The measurement of silver ions was effectively conducted even in the presence of other cations within an aqueous medium, with the ratio of other cations to silver ions being 10 times higher. Figure 3 illustrates the disparity in peak intensities between the suspension solution and the presence of Ag+ alongside other ions.
To achieve the highest signal-to-noise ratio and sensitivity for silver (Ag+) determination, various variables such as probe concentration, contact time, and pH were investigated. Different amounts of NH2-HCP were added to 100 mL of deionized water and sonicated for 20 minutes. Subsequently, the fluorescence intensity of a 3 mL probe solution was measured in the presence of 50 µL of a silver solution (0.01 M). It was observed that even 0.01 g of the dispersed and sonicated probe resulted in a suspension that is inappropriate for fluorescence studies. So 0.001 g of the probe was dissolved and sonicated and this solution was selected for the studies.
The impact of contact time on fluorescence intensity was examined by adding 50 µL of a silver solution (0.01 M) to a 3 mL probe solution. Changes in fluorescence intensity were recorded at intervals of 30 seconds for a duration of 30 seconds to 3 minutes. The intensity remains constant immediately after mixing the reactants and forming the NH2-HCPAg complex. Generally, the fluorescence intensity does not exhibit significant variations over time once the reaction mixture is agitated, hence the probe possesses quick response time. Fluorescence intensity Vs. time chart is available on supplementary information.
The pH of the system was varied from 2 to 8, and the resulting impact on fluorescence intensity was monitored. For this purpose, 50 µL of the silver solution (0.01 M) was added to a 3 mL aqueous probe solution, and the fluorescence intensity was measured after 30 seconds. According to the results presented in Fig. 6, the optimum pH was found to be 3. Typically, pH strongly influences the fluorescence intensity of compounds containing nitrogen as nitrogen can exist in protonated or deprotonated forms. In alkaline solutions, there is competition between deprotonated form of the nitrogen ion and cations to occupy vacant probe sites. Additionally, metal hydroxide formation and silver hydroxide precipitation increase in alkaline solutions, so alkaline pH is not favorable for the study. In acidic solutions (close to neutral), as the group containing nitrogen protonates, the ability of silver to coordinate is reduced. Similarly, increasing the pH to neutral pH, protonates the nitrogen group of meta-phenylenediamine, weakening the interaction between silver and the probe [28]. So, the probe’s pH itself (pH = 3) was chosen for the rest of the studies. Figure 4 illustrates effect of pH on the response of the probe.
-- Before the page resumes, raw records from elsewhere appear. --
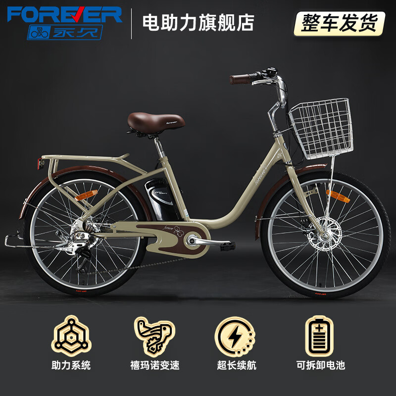 永久(FOREVER)锂电池助力电动自行车女式变速轻便舒适单车复古英伦城市通勤车 F56小米 开米士黄/24寸 10AH
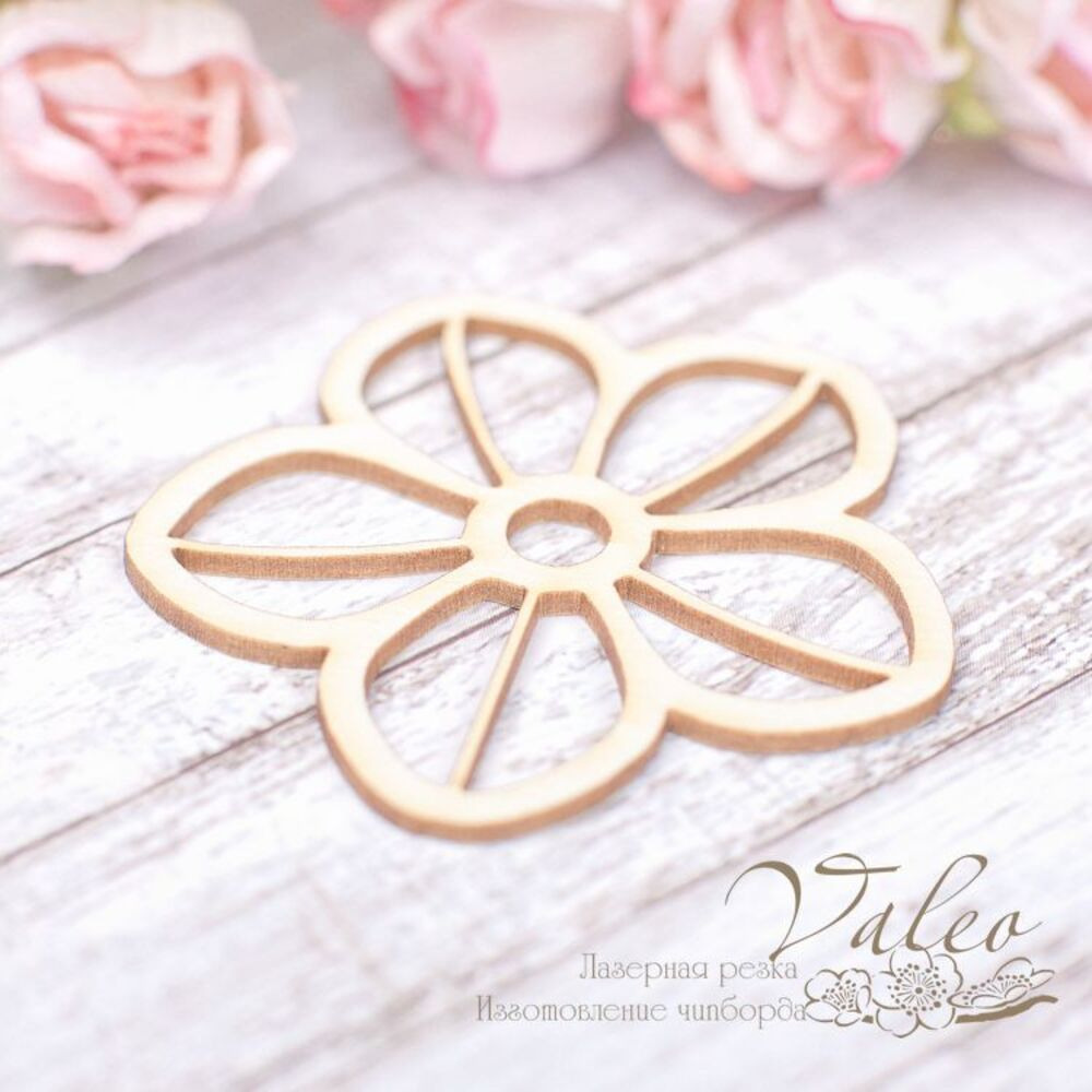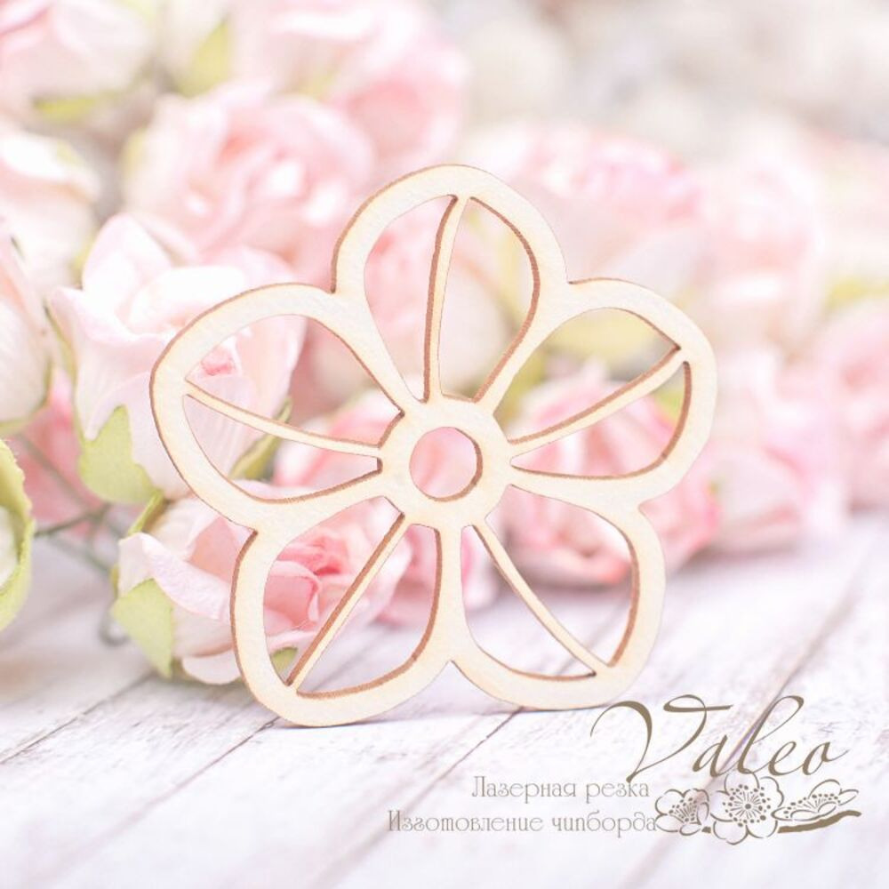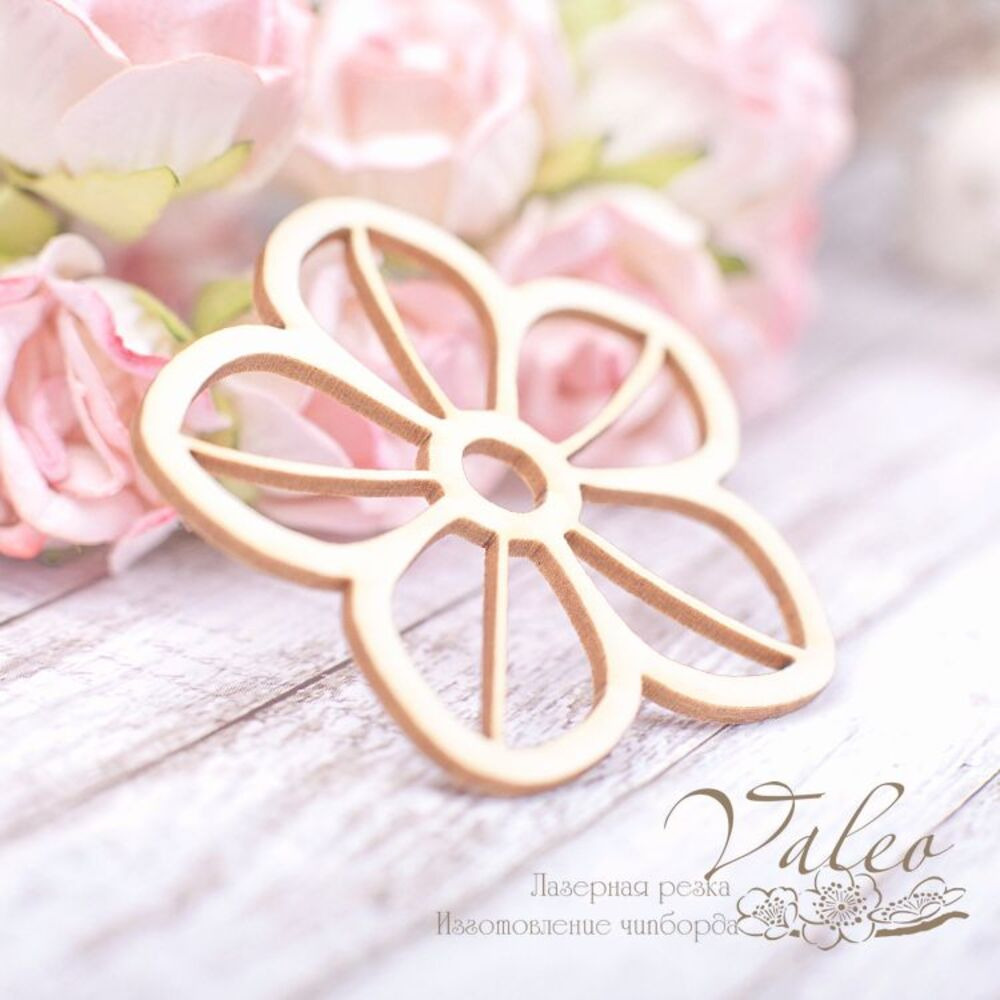Чіпборд Valeo Квіточка 47*45мм V1989 виготовлена з пивного картону молочного кольору. Товщина картону 1,5 мм. Краї чисті, світло-коричневі. Застосовується як декоративні елементи при виготовленні альбомів, листівок, запрошень
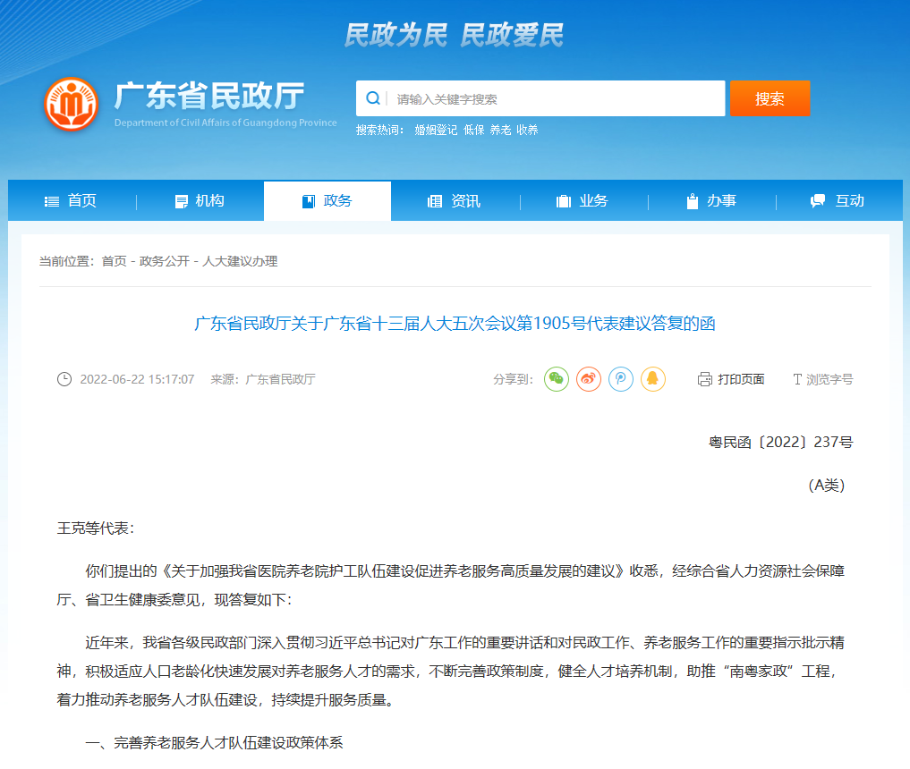 《答复函》表示,近年来,我省各级民政部门深入贯彻习近平总书记对广东工作的重要讲话和对民政工作、养老服务工作的重要指示批示精神,积极适应人口老龄化快速发展对养老服务人才的需求,不断完善政策制度,健全人才培养机制,助推“南粤家政”工程,着力推动养老服务人才队伍建设,持续提升服务质量。主要体现在:完善养老服务人才队伍建设政策体系,促进养老服务人才队伍高质量发展,健全医养结合保障机制,强化养老服务综合监管等方面。
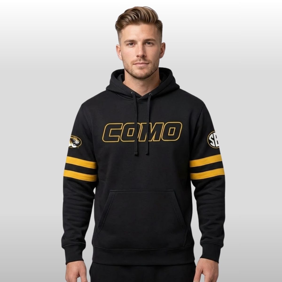 The 2026 Mizzou Tigers x COMO Day Uniform Hoodie is a striking tribute to the heart of Columbia, Missouri. This garment features a bold “COMO” across the chest in golden-yellow block lettering, outlined to pop against the sleek black fabric. The sleeves are accented with vibrant dual stripes and the iconic tiger head logo, creating a look that is both athletic and sophisticated. On the back, a detailed architectural graphic showcases the historic Jesse Hall beneath a stylized map of Missouri, celebrating the deep roots and academic heritage of the university. This piece is designed for the annual COMO Day celebrations, an event where the local community and students unite to honor the unique culture of their college town.
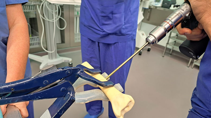 Der theoretische Teil wurde durch einen Besuch im hochmodernen OP-Trakt des KSGR ergänzt, der eigens für diesen Anlass zur Verfügung gestellt wurde. Hier hatten die Teilnehmer die exklusive Gelegenheit, sich mit den vom KSGR bereitgestellten hochentwickelten Repositionsinstrumenten vertraut zu machen. Besonders hervorzuheben ist die praxisnahe Einführung in den Umgang mit dem großen Distraktor, den die Teilnehmer selbstständig montierten. Parallel dazu fand in einem weiteren OP-Saal ein praxisorientiertes Training zur Lagerung am Extensionstisch und zur vertikalen Abdeckung statt, bei dem die Teilnehmer ihre Fertigkeiten vertiefen und in intensiven Diskussionen erweitern konnten.
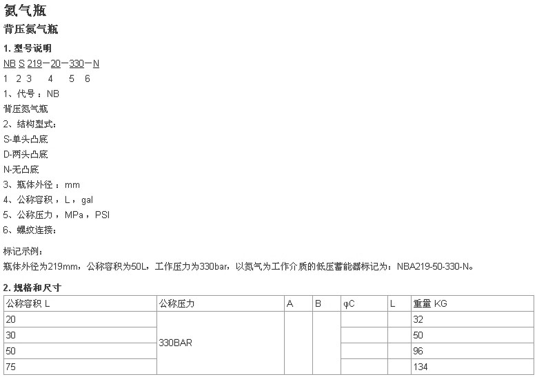 NBS219-20-330-N,NBD219-30-330-N,NBS219-50-330-N,NBS219-75-330-N,氮?dú)馄?/span>
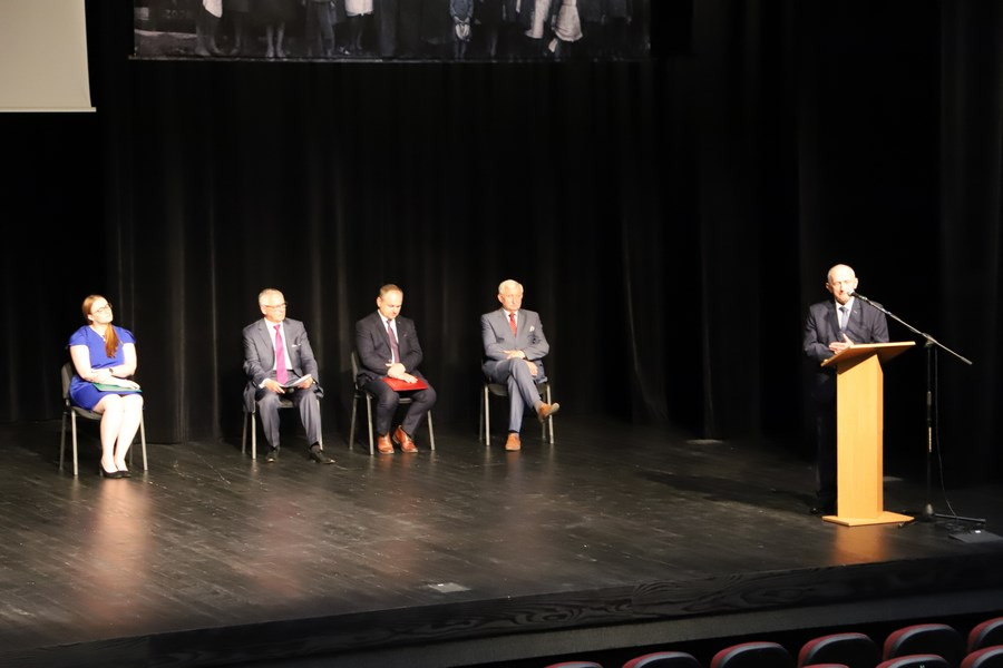 Uroczystość poprowadził koordynator i inicjator wydarzenia - Stanisław Smoleń z Męciny. Zebranych gości przywitał gospodarz obiektu Burmistrz Miasta Limanowa Władysław Bieda. Następnie głos zabrał Jana Skrzekut Wójt Gminy Limanowa przybliżając zebranym współpracę oraz partnerstwo z Gminą Skarbimierz:
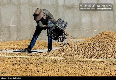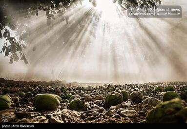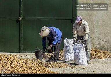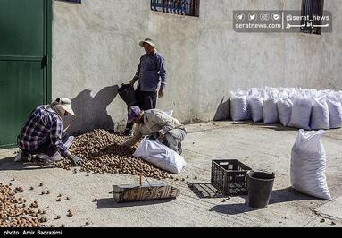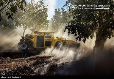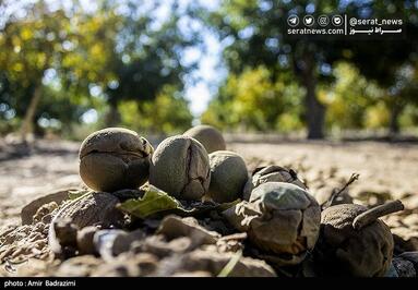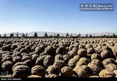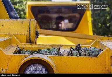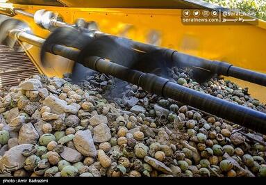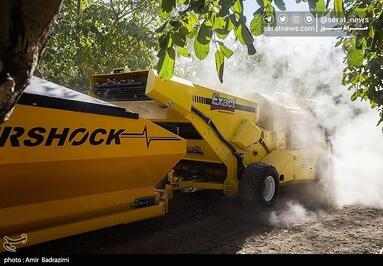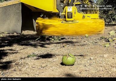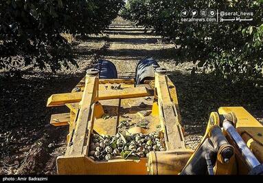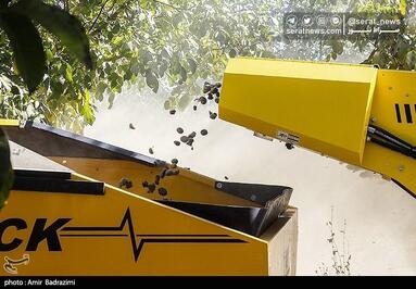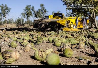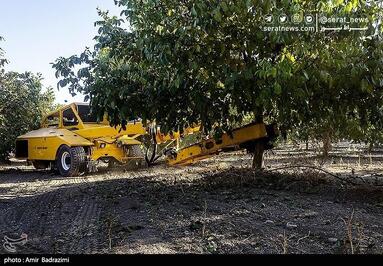 تصاویر| برداشت گردو اصلاح شده با دستگاه مکانیزه
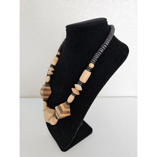 Vintage Mid Century Chunky Wooden Beaded Necklace Brown Geometric
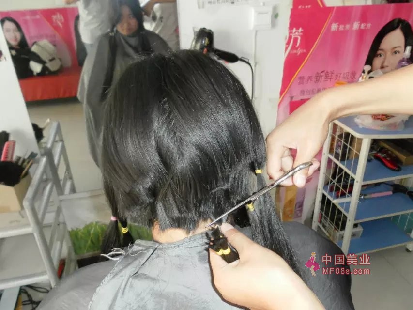两个长发姑娘剪头发
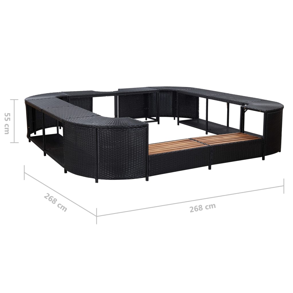 Diese elegante quadratische Whirlpool-Einfassung aus Poly-Rattan ist ein vielseitiges Zubehör für Ihren Whirlpool. Sie verleiht dem Pool ein schickes und modernes Aussehen und schafft gleichzeitig einen funktionalen und benutzerfreundlichen Whirlpoolbereich. Die aus wasserfestem PE-Rattan gefertigte Whirlpool-Umrandung ist pflegeleicht, strapazierfähig und für den täglichen Gebrauch geeignet. Der pulverbeschichtete Stahlrahmen macht die Spa-Einfassung stark und robust. Die Stufen sind aus massivem Akazienholz gefertigt, einem tropischen Hartholz, das witterungsbeständig und langlebig ist; es ist mit natürlichem Öl behandelt. Dieses Produkt ist leicht zu montieren. Sie werden den Komfort, die Langlebigkeit und das Flechtdesign dieser Whirlpool-Einfassung sicher zu schätzen wissen!
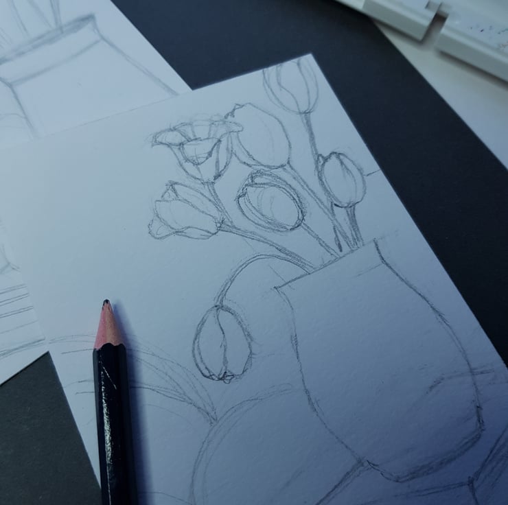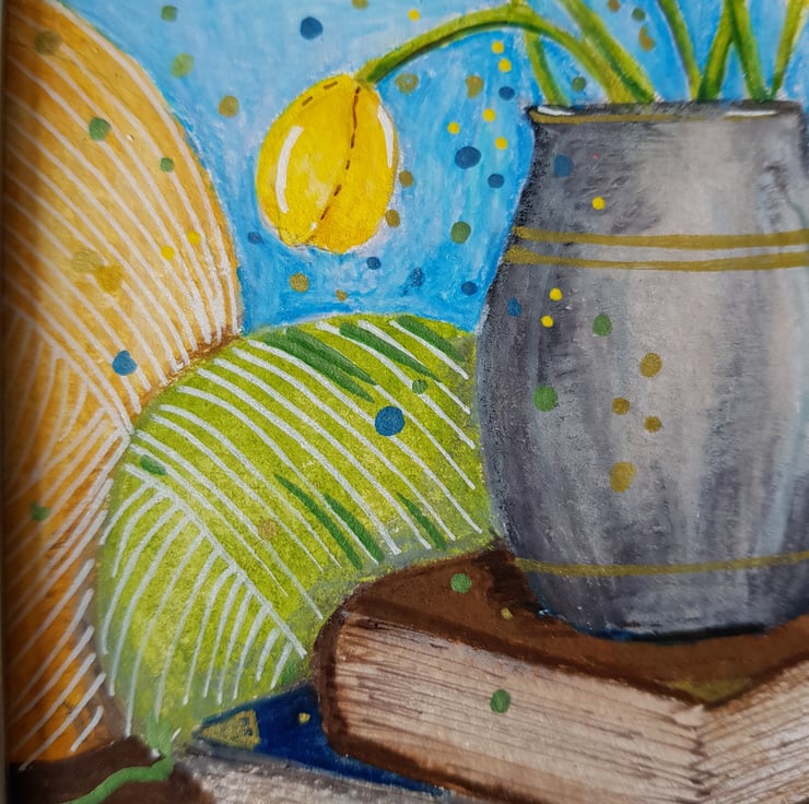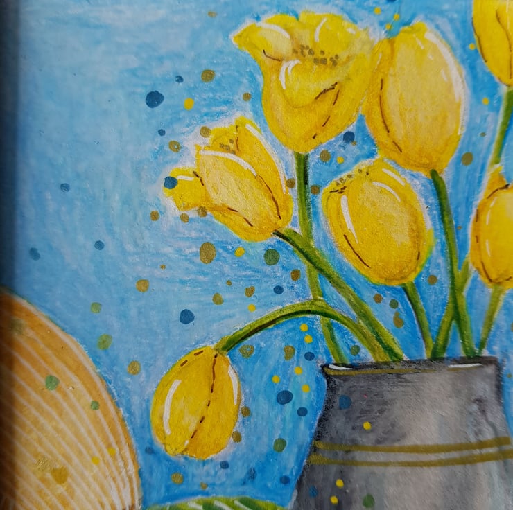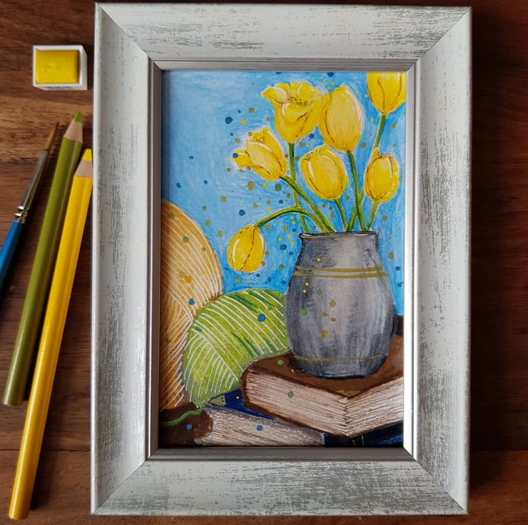 Small original artwork inspired by the cheerful yellow tulips slowly emerging around the gardens. The greens of the stems and the yellows of the petals are echoed by the colours of the yarn balls. Furthermore, the textured background and the colours of other elements included in the still life help the petals to stand out. By adding golden and metallic details, I gave a whimsical, magical atmosphere to my still life.
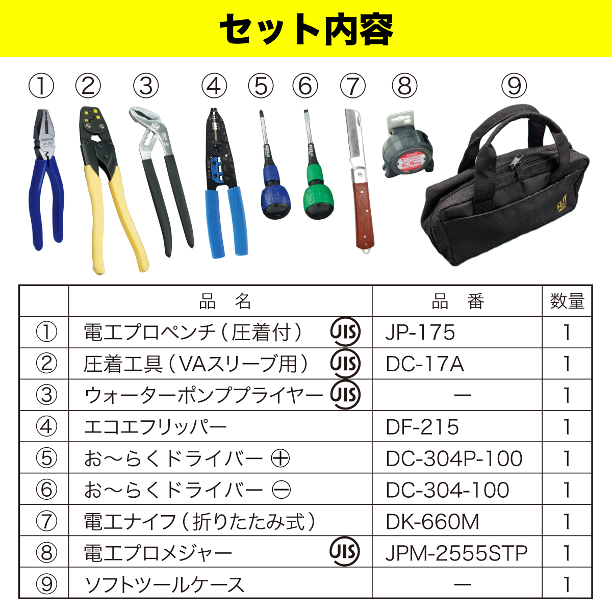 【ジェフコム】1種・2種 技能試験に必要な工具をワンセット『電気工事士技能試験工具キット』

To determine the performance of the probe under optimized conditions, the following steps were taken: Initially, a concentrated silver solution with a concentration of 10− 4 M was added to the probe solution. A calibration curve (Fig. 5,6) was constructed by plotting the fluorescence intensity against the concentration of silver. The limit of detection (LOD) and linear range were determined by repeating the titration three times, resulting in values of 0.001 µM and 0.1-3 µM, respectively.
3.3 Mechanism of fluorescence enhancing
The increase in fluorescence observed in this study when Ag+ ions are introduced to the probe can be attributed to the metal-enhanced fluorescence mechanism. This means that the formation of Ag nanoclusters can amplify the local incident field surrounding the probe (referred to as the "incident field of the probe [29]). It is well known that metals like Ag and Au can enhance the fluorescence of certain fluorophores [30]. Therefore, the proposed mechanism is as follows: When Ag+ ions are added to the probe solution, an oxidation-reduction reaction takes place on the surface of the probe. This reaction leads to the reduction of Ag+ to Ag0 (metal Ag) and the oxidation of the probe. The interaction between the probe and the resulting small silver nanoclusters intensifies the emission of the probe [31]. It is unclear whether the fluorescence observed is solely due to the Ag nanoclusters, as they cannot be separated from the probe. However, the Ag nanoclusters in this case are not covered by organic ligands, indicating that their fluorescence characteristics differ from those of previously reported fluorescent monolayer-protected metal clusters [32–35]. The exact mechanism responsible for the enhancement of fluorescence requires further investigation. Nonetheless, previous studies have reported the formation of metal nanoparticles or nanoclusters in situ on carbon materials, including Ag nanoclusters on Carbon nanodots [36], Ag nanoparticles on cysteine [37], palladium nanoparticles on C-nanodots [38], and Au and platinum nanoparticles on carbon nanotubes [39], among others.